LAPD officers who fatally shot a bottle-throwing man they mistook for a gunman won’t be charged
Prosecutors have declined to charge two Los Angeles police officers who shot and killed an unarmed man in Van Nuys after he threw a beer bottle through a window of their police car, authorities announced Monday.
Although the officers fired a combined 18 rounds at James Byrd during the 2015 shooting, prosecutors wrote, their actions were legally justified because they reasonably believed Byrd was armed with a gun and had shot at them.
No gun was ever found at the scene. Instead, authorities determined, Byrd shattered the police car’s back window with the bottle — a sound the officers and witnesses believed was a gunshot, prosecutors said.
“The fact that Byrd did not actually present a deadly threat when the officers reacted is immaterial,” prosecutors wrote in an 11-page memo outlining their decision. “[The officers] were entitled to respond to an apparent deadly threat with deadly force and they were entitled to engage Byrd until he no longer presented a threat.”
Although some of the evidence indicated that police continued to fire at Byrd as he ran — including gunshot wounds to his back and a witness’ comments that Byrd was “ducking from shots” — prosecutors determined the officers’ actions were legally allowed. Because the officers reasonably believed Byrd tried to kill them, a “forcible and atrocious crime,” they had the legal duty to stop him and were entitled to use deadly force to do so, prosecutors wrote.

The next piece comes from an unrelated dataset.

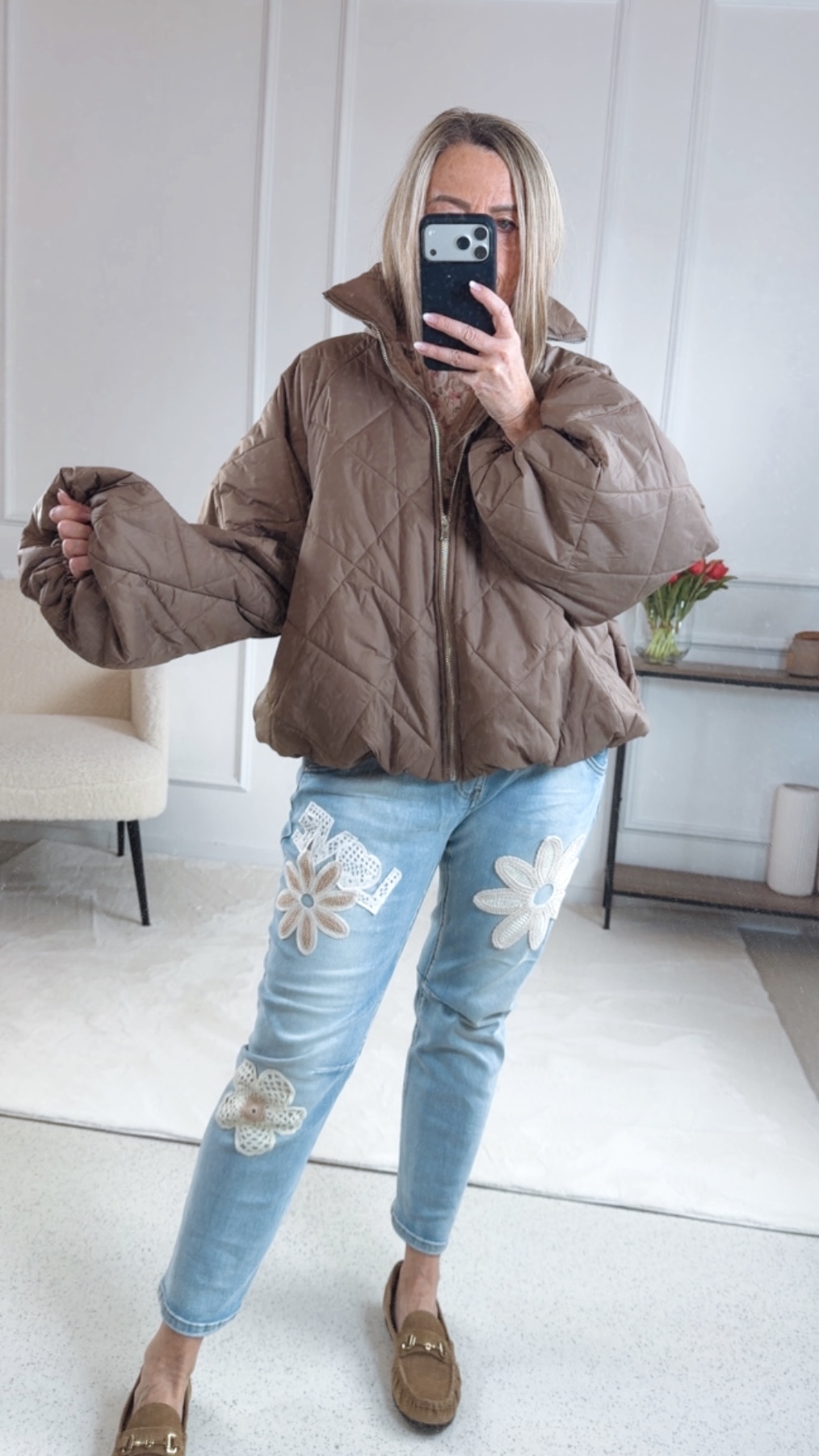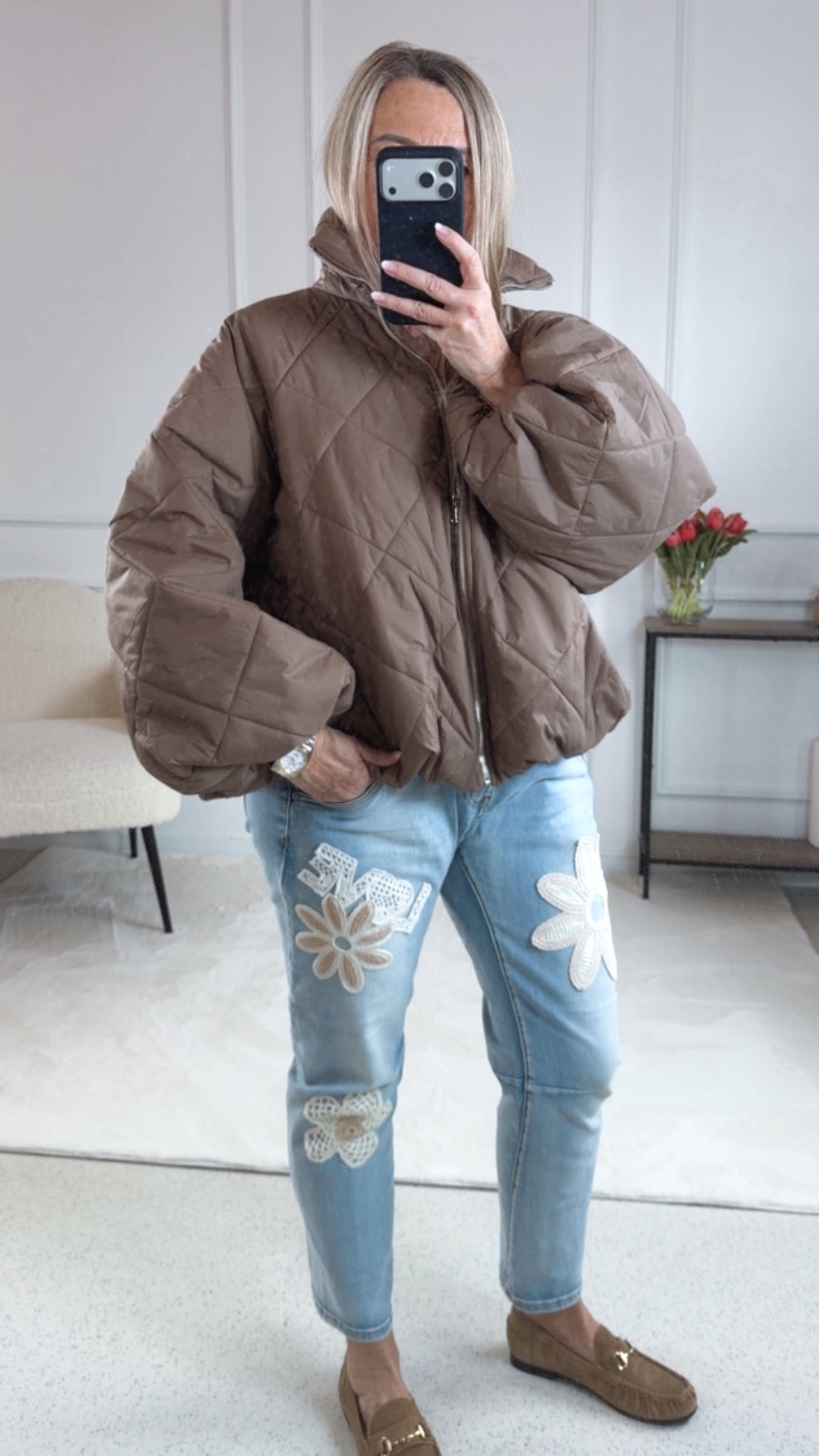 Diese trendige Puffjacke bringt Farbe und Leichtigkeit in die Übergangszeit. Mit ihrem voluminösen Schnitt sorgt sie für einen modernen, stylischen Look, während die weichen, frischen Frühlingsfarben sofort gute Laune verbreiten.

In the end, prosecutors said, they felt there was “insufficient evidence to prove beyond a reasonable doubt” that the officers used unreasonable force.
The decision echoes another announced by L.A. County Dist. Atty. Jackie Lacey’s office last week, when prosecutors said they would not file charges against a now-former LAPD officer who shot and killed a 29-year-old homeless man near the Venice boardwalk.
After LAPD Chief Charlie Beck took the unprecedented step of suggesting charges be brought against the officer who shot Brendon Glenn, many wondered whether the 2015 case would become a watershed moment in L.A., where a law enforcement officer has not been charged in an on-duty shooting in nearly two decades.
Both Byrd and Glenn were unarmed and were killed during a period of intense scrutiny of shootings by police. In both cases, prosecutors said it was reasonable for the officers to perceive the men as threats.
As in Glenn’s death, the Police Commission — the civilian oversight panel that reviews all shootings by LAPD officers — determined the officers who shot Byrd violated the department’s rules for using deadly force.
Beck believed the initial rounds fired by the officers fell within policy, but faulted them for firing an additional 11 rounds, according to a written report he sent to the commission. During the later bursts of gunfire, Beck said, it was not reasonable for the officers to believe Byrd still posed an imminent threat.
Byrd had a history of schizophrenia, according to his autopsy report. Prosecutors revealed in their memo that he had been living at a Van Nuys care facility, which he left a day before the shooting.
The Oct. 3, 2015, shooting came during heightened tensions within the LAPD after a video had circulated on social media showing what police feared was a threat against officers: a person filming an LAPD patrol car, then flashing the camera down to show a revolver.
The officers were warned about the video at a briefing before they started their shift, which prosecutors noted in their memo. (The LAPD later determined that the video wasn’t a threat against officers but a promotional clip filmed by an early 1990s rap group trying to make a comeback.)
About 4 ½ hours after the briefing, Officers Andrew Hacoupian and Zackary Goldstein were stopped at a red light around 11:35 p.m. when the back window of their patrol car shattered. Fearing they were under fire, authorities said, they jumped out of the cruiser and shot at Byrd, who they believed was responsible. The officers’ rounds peppered nearby buildings.
One officer told investigators he thought Byrd had a gun in his hand, according to a report Beck gave the Police Commission in 2016. The other said he saw Byrd holding a “black object.”
Comments made by the officers in the minutes following the shooting showed their “actual and honest belief” that Byrd shot at them, prosecutors wrote in their memo.
“He has a gun,” Goldstein reportedly told another officer responding to the scene, according to the memo. And when a sergeant later asked the officer if it was possible that Byrd had fired at him, “Goldstein simply replied, ‘Yes.’”
In the end, police determined Byrd had thrown a 40-ounce beer bottle.